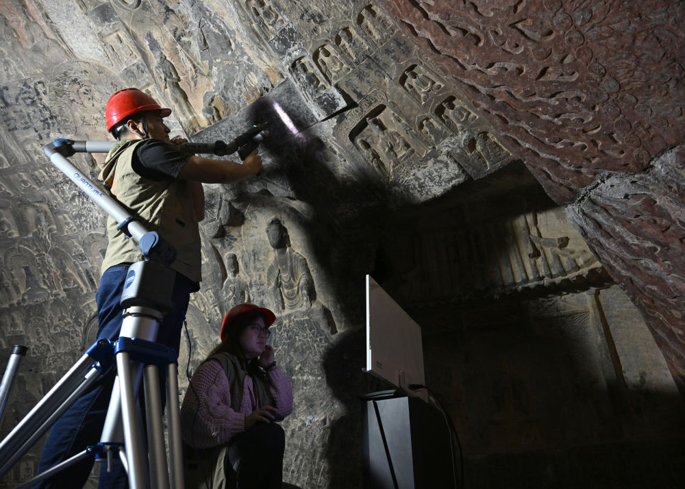 2025年4月9日,龍門石窟研究院工作人員在古陽洞使用關節臂掃描儀對像龕進行數字化掃描。
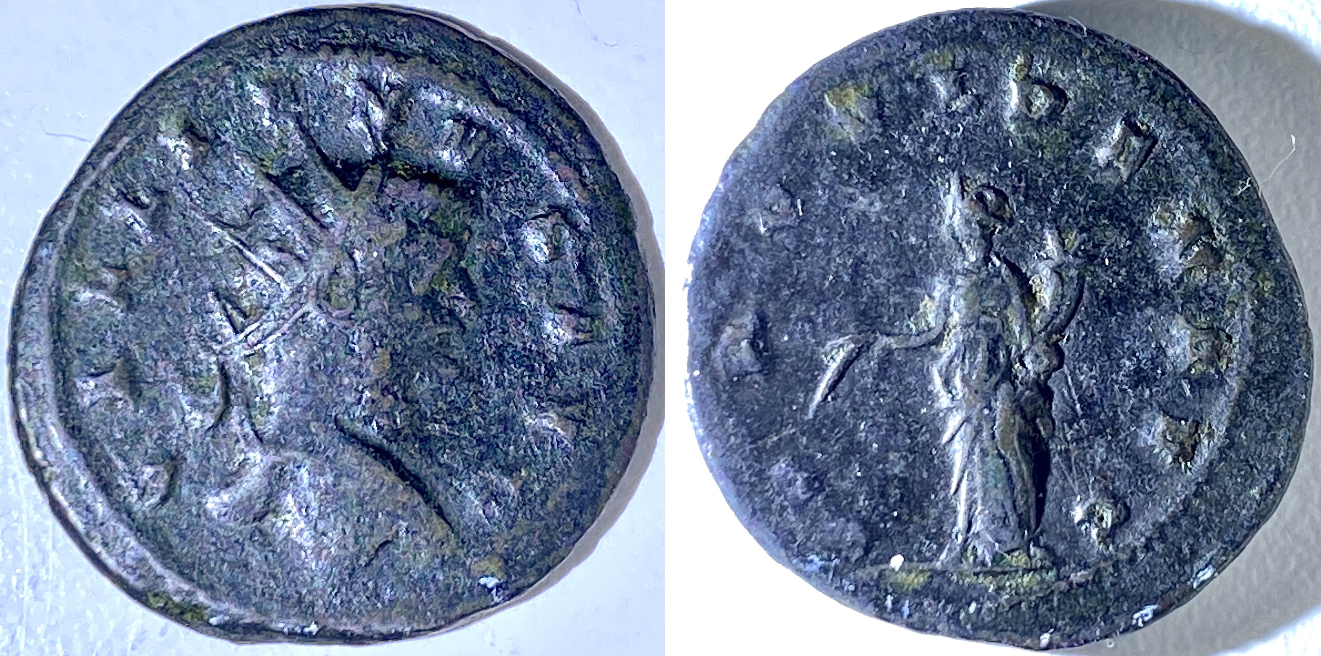 Comme pour les pièces présentées la semaine dernière, celles-ci sont une bonne évidence de la dévaluation monétaire sous Gallienus (voir aussi RIC v. 5 pt 1, pp 7-8). Le coût élevé des campagnes militaires, l’épuisement des mines d’argent et l’émission constante de nouvelle monnaie par une succession d’empereurs et d’usurpateurs causent une importante inflation à laquelle on répond par une dépréciation monétaires et les pièces contiennent donc de moins en moins d’argent. L’antoninianus, qui lors de sa création par Caracalla, contenait 50% d’argent n’en contient plus que 10% au début du règne de Gallienus. On compense en frappant des pièces en billon (ce qui donne un aspect plus terne aux pièces) ou en trichant par l’utilisation de pièces saucées (un flan de bronze est trempé dans une solution d’argent pour lui donner une apparence argenté). Toutefois avec le temps et l’usage ce plaquage tend à disparaître et l’antoninianus prend l’apparence d’une simple pièce de bronze. À la fin du règne de Gallienus, les pièces ont moins de 3% d’argent et cela tombe à près de 1% dans la décennie suivante!
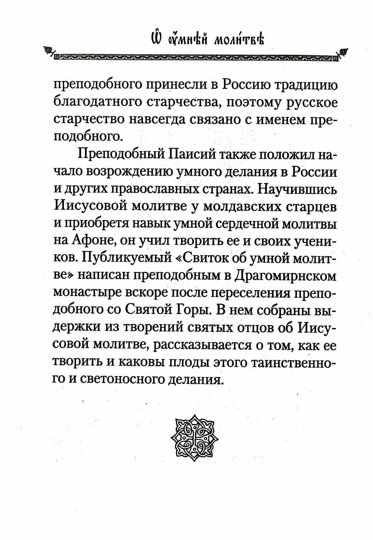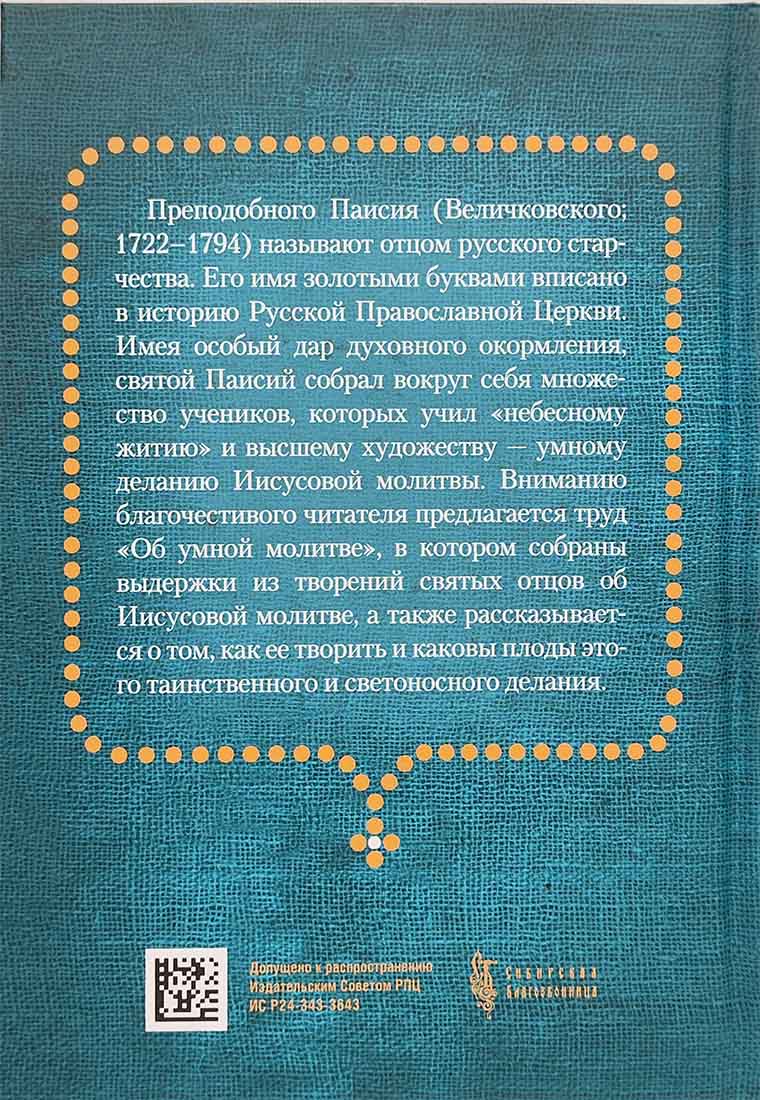 Pateicīgajam lasītājam tiek piedāvāts "krievu vecāko tēva" - mūka Paisija (Veļičkovska) - darbs "Par saprātīgu lūgšanu". Tajā apkopoti fragmenti no svēto tēvu darbiem par Jēzus lūgšanu, stāstīts, kā to veikt un kādi ir šī noslēpumainā un gaismu nesošā darba augļi.
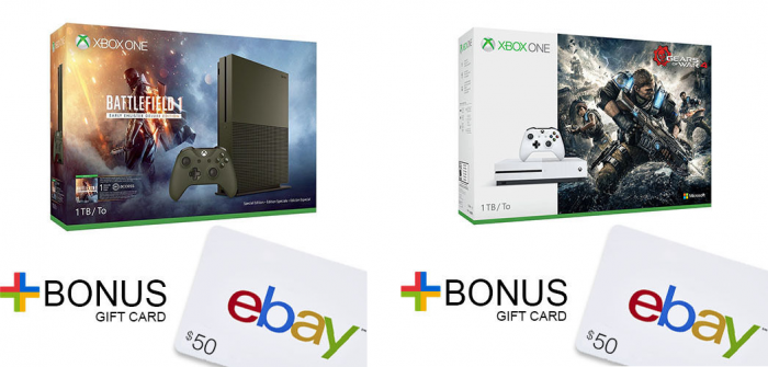 Xbox One S 1TB Console – Gears of War 4 Edition + $50 eBay Gift Card w/ purchase for $299.99
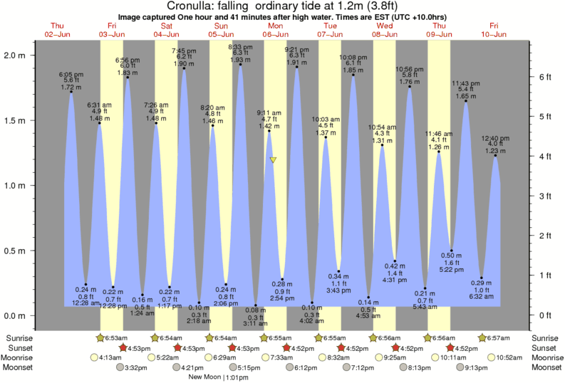 Image captured One hour and 41 minutes after high water (falling ordinary tide). Tide height was 1.2m (3.8 ft). Range 1.86m (6.1 ft). Toggle tide graph
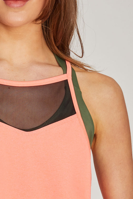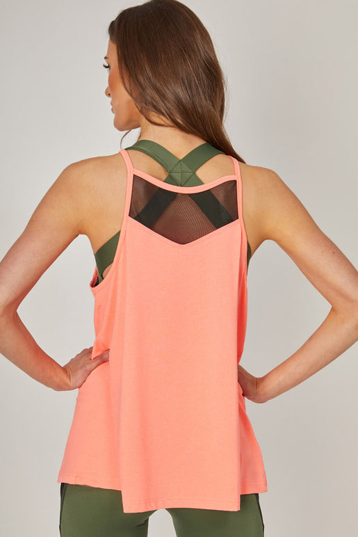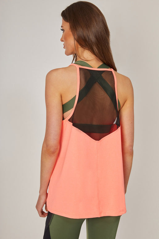 This top was designed to throw on before and after a work out. The lightweight, sweat-wicking fabric and loose-fit will keep you cool during warmer weather. Simply turn the top around for an extended mesh front - it's your top, so wear it your way. Summery bright coral colour will get you noticed. Flattering A-line fit helps to avoid sweat marks.
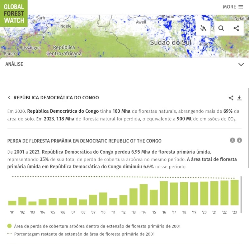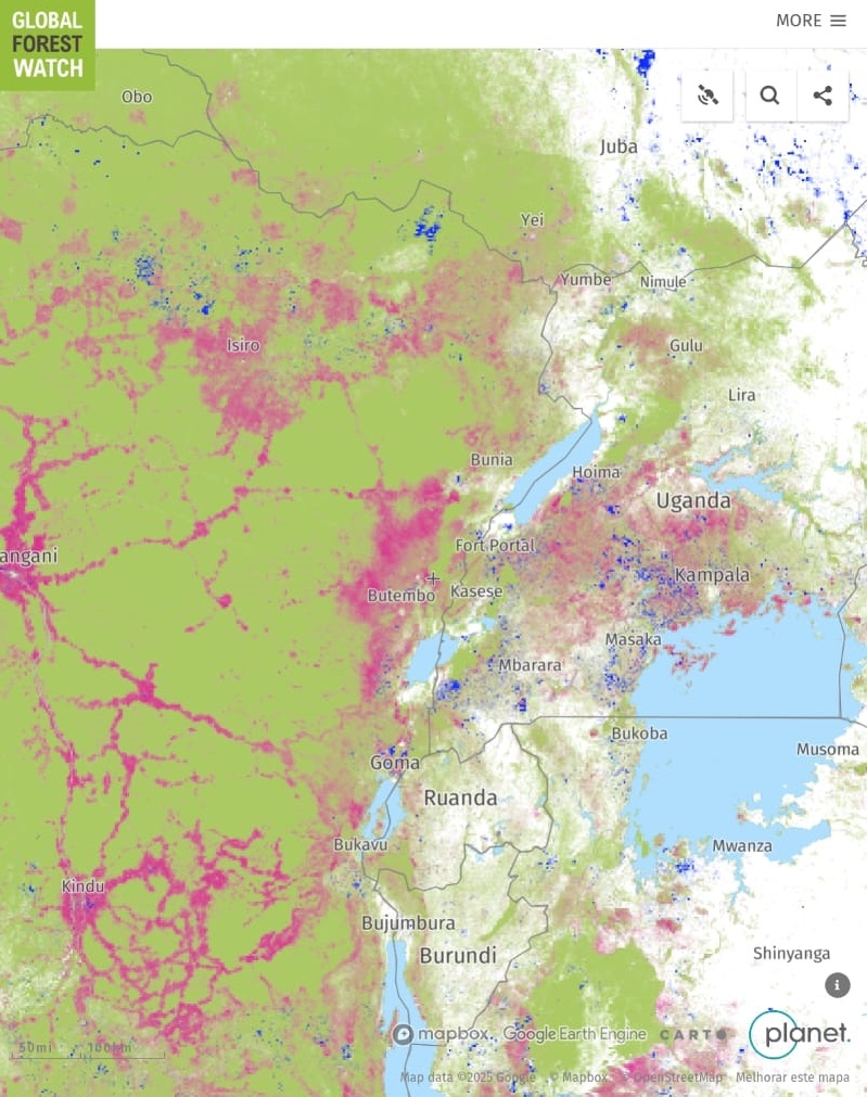 Fiz essa análise a partir de dados do Global Forest Watch (https://www.globalforestwatch.org/) que hoje em dia te permite avaliar o desmatamento e recuperação da cobertura florestal em diferentes intervalos de anos, do presente a 20 anos atrás. A figura abaixo é a região do conflito atual com os guerrilheiros do M23 (Movimento 23 de Março, que diz defender os direitos das minorias tutsi, vítimas de genocídio em Ruanda décadas atrás) + soldados de Ruanda, publicado pelo The Guardian.
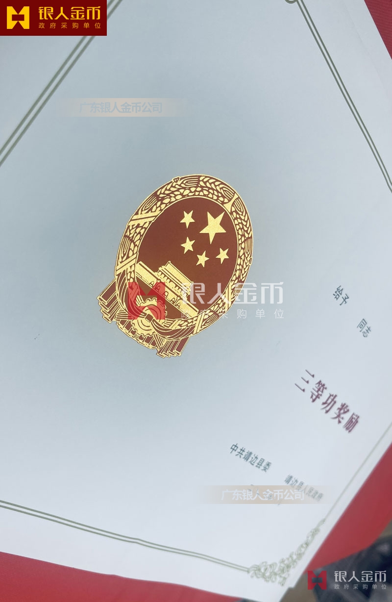 【證書制作】 廣東銀人金幣公司-獎(jiǎng)勵(lì)證書制作廠家
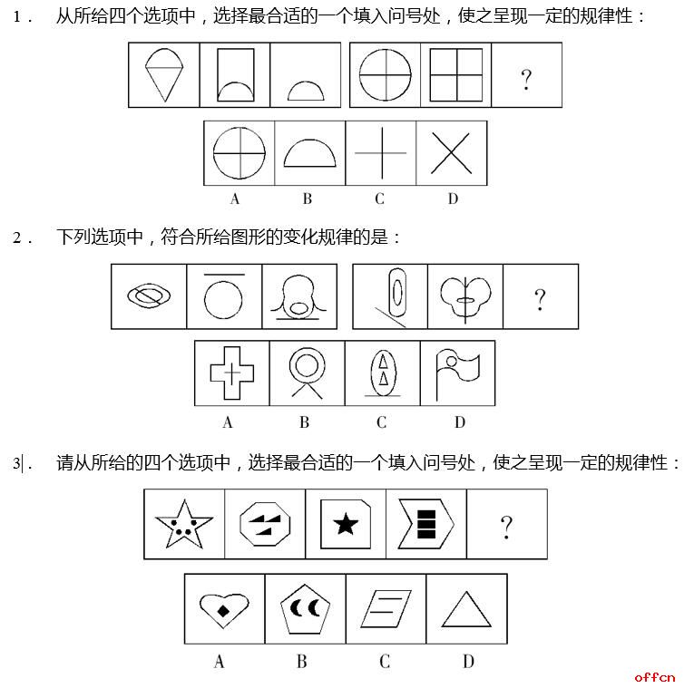 1.【答案】C。中公解析:第一组前两个图形去异存同得到第三个图形,第二组前两个图形均包含“+”,选C。
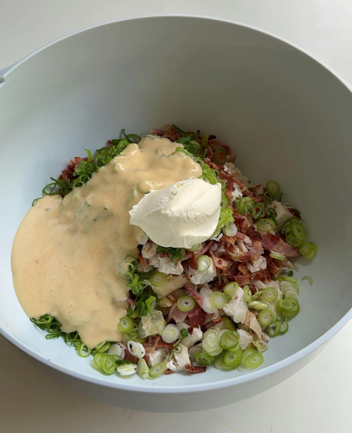Place mayonnaise in a bowl and slowly whisk in chicken roasting juices. Add chopped chicken, bacon, spring onions and sour cream. Add a pinch of salt and a grind of black pepper, and then a small squeeze of lemon juice and mix well.
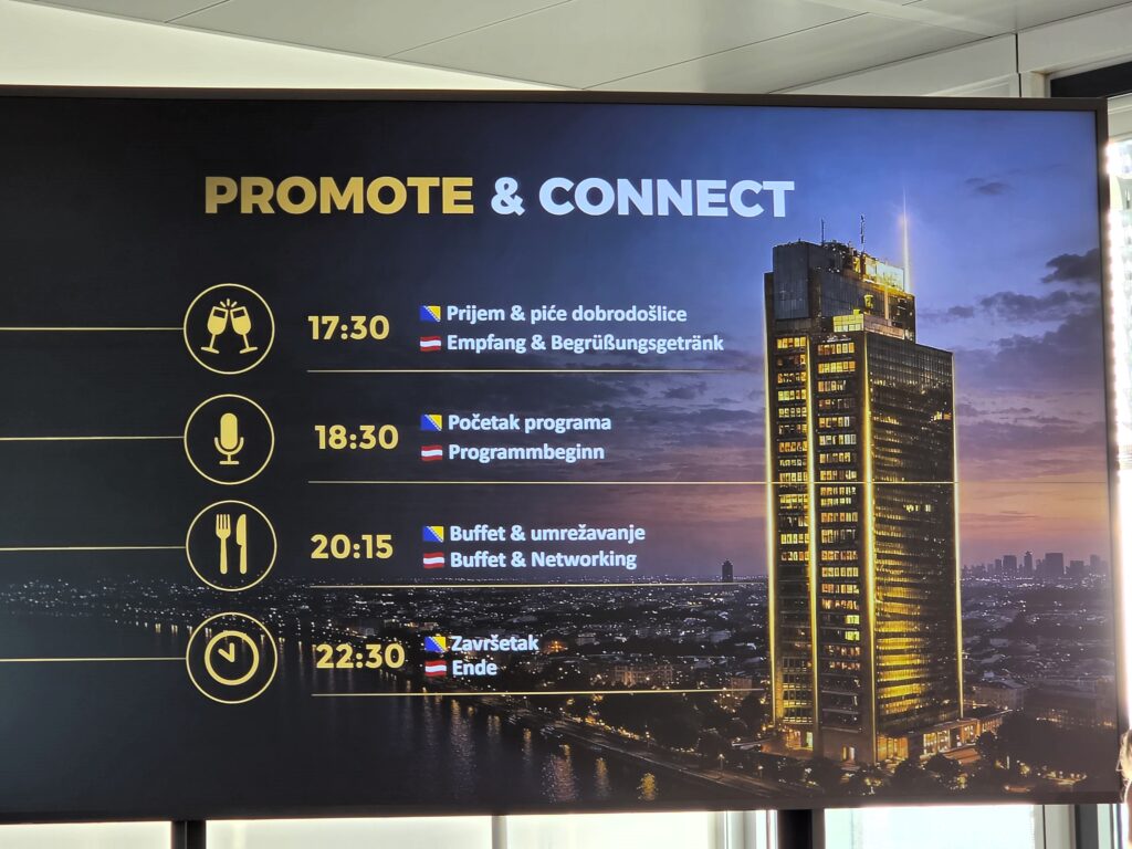 Završni deo večeri protekao je u znaku neformalnog druženja i umrežavanja, uz tradicionalne specijalitete iz Bosne i Hercegovine – ćevape, pite i baklavu – kao i muziku sa prepoznatljivim bosanskim motivima, uz pogled na noćni Beč.

The problem: Restate only the lines running from the start of the material above through the line containing "Comme pour les pièces", ends included. No pictures.

Expected answer:
 2025年4月9日,龍門石窟研究院工作人員在古陽洞使用關節臂掃描儀對像龕進行數字化掃描。
 Comme pour les pièces présentées la semaine dernière, celles-ci sont une bonne évidence de la dévaluation monétaire sous Gallienus (voir aussi RIC v. 5 pt 1, pp 7-8). Le coût élevé des campagnes militaires, l’épuisement des mines d’argent et l’émission constante de nouvelle monnaie par une succession d’empereurs et d’usurpateurs causent une importante inflation à laquelle on répond par une dépréciation monétaires et les pièces contiennent donc de moins en moins d’argent. L’antoninianus, qui lors de sa création par Caracalla, contenait 50% d’argent n’en contient plus que 10% au début du règne de Gallienus. On compense en frappant des pièces en billon (ce qui donne un aspect plus terne aux pièces) ou en trichant par l’utilisation de pièces saucées (un flan de bronze est trempé dans une solution d’argent pour lui donner une apparence argenté). Toutefois avec le temps et l’usage ce plaquage tend à disparaître et l’antoninianus prend l’apparence d’une simple pièce de bronze. À la fin du règne de Gallienus, les pièces ont moins de 3% d’argent et cela tombe à près de 1% dans la décennie suivante!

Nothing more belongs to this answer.